Task directions: From top to bottom, retype the data exactly, passing over any picture.

Supplied data:
=====
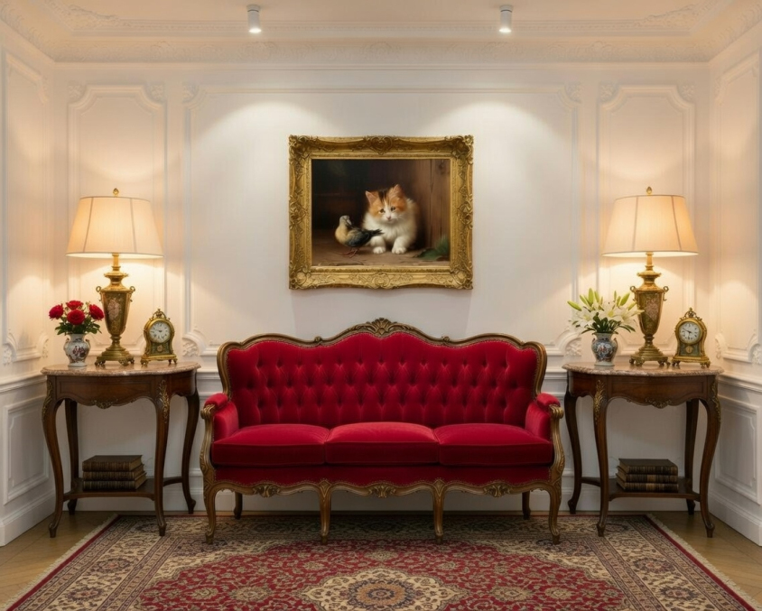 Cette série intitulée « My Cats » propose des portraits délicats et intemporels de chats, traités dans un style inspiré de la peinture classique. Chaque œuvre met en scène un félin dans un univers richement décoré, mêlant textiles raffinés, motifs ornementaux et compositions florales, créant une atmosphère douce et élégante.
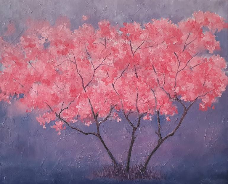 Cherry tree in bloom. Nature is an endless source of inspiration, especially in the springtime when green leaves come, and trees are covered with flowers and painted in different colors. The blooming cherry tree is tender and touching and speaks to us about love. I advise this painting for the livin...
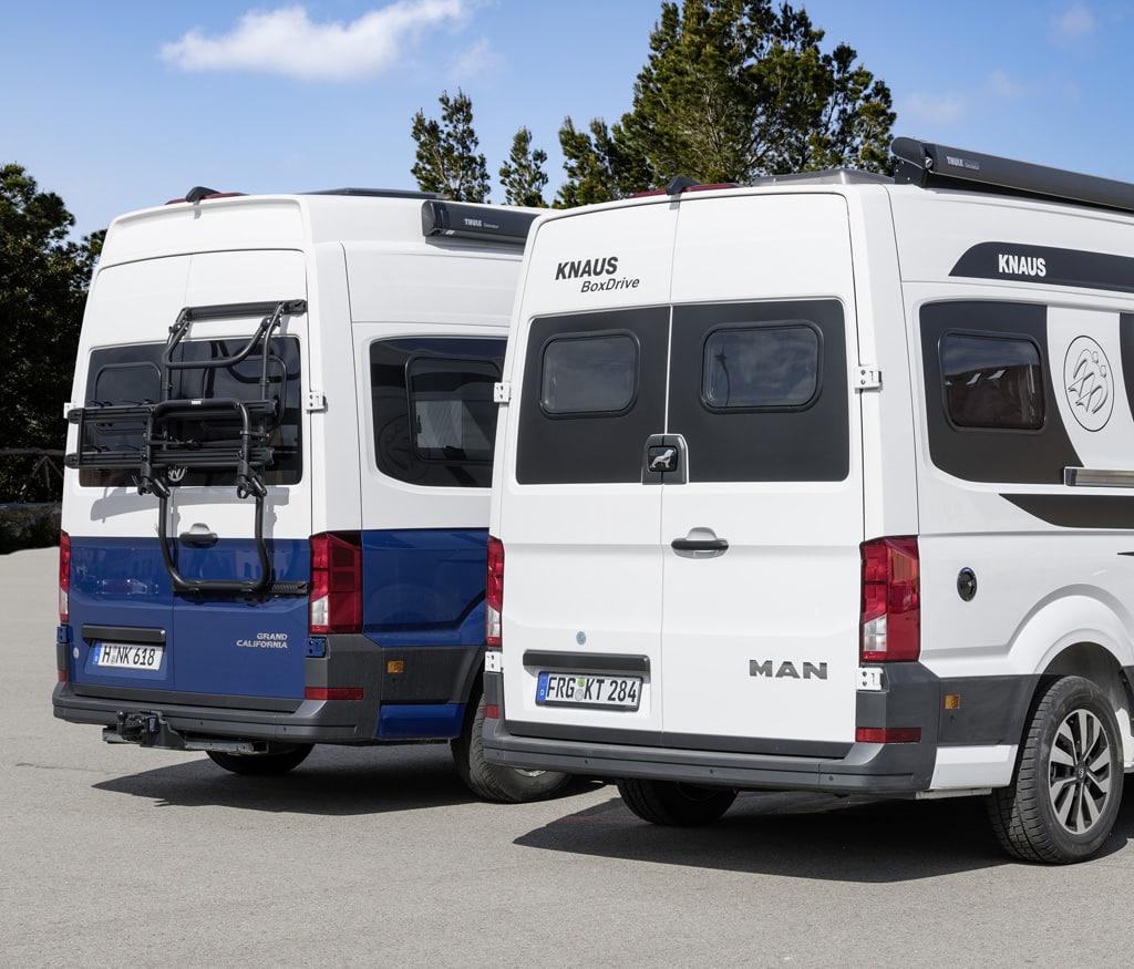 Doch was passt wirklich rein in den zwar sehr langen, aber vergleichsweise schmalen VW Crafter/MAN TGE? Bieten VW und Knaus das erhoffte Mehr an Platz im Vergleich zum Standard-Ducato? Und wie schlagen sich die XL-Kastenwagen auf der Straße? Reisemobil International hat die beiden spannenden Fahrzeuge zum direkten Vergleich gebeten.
=====
Task response:
 Cette série intitulée « My Cats » propose des portraits délicats et intemporels de chats, traités dans un style inspiré de la peinture classique. Chaque œuvre met en scène un félin dans un univers richement décoré, mêlant textiles raffinés, motifs ornementaux et compositions florales, créant une atmosphère douce et élégante.
 Cherry tree in bloom. Nature is an endless source of inspiration, especially in the springtime when green leaves come, and trees are covered with flowers and painted in different colors. The blooming cherry tree is tender and touching and speaks to us about love. I advise this painting for the livin...
 Doch was passt wirklich rein in den zwar sehr langen, aber vergleichsweise schmalen VW Crafter/MAN TGE? Bieten VW und Knaus das erhoffte Mehr an Platz im Vergleich zum Standard-Ducato? Und wie schlagen sich die XL-Kastenwagen auf der Straße? Reisemobil International hat die beiden spannenden Fahrzeuge zum direkten Vergleich gebeten.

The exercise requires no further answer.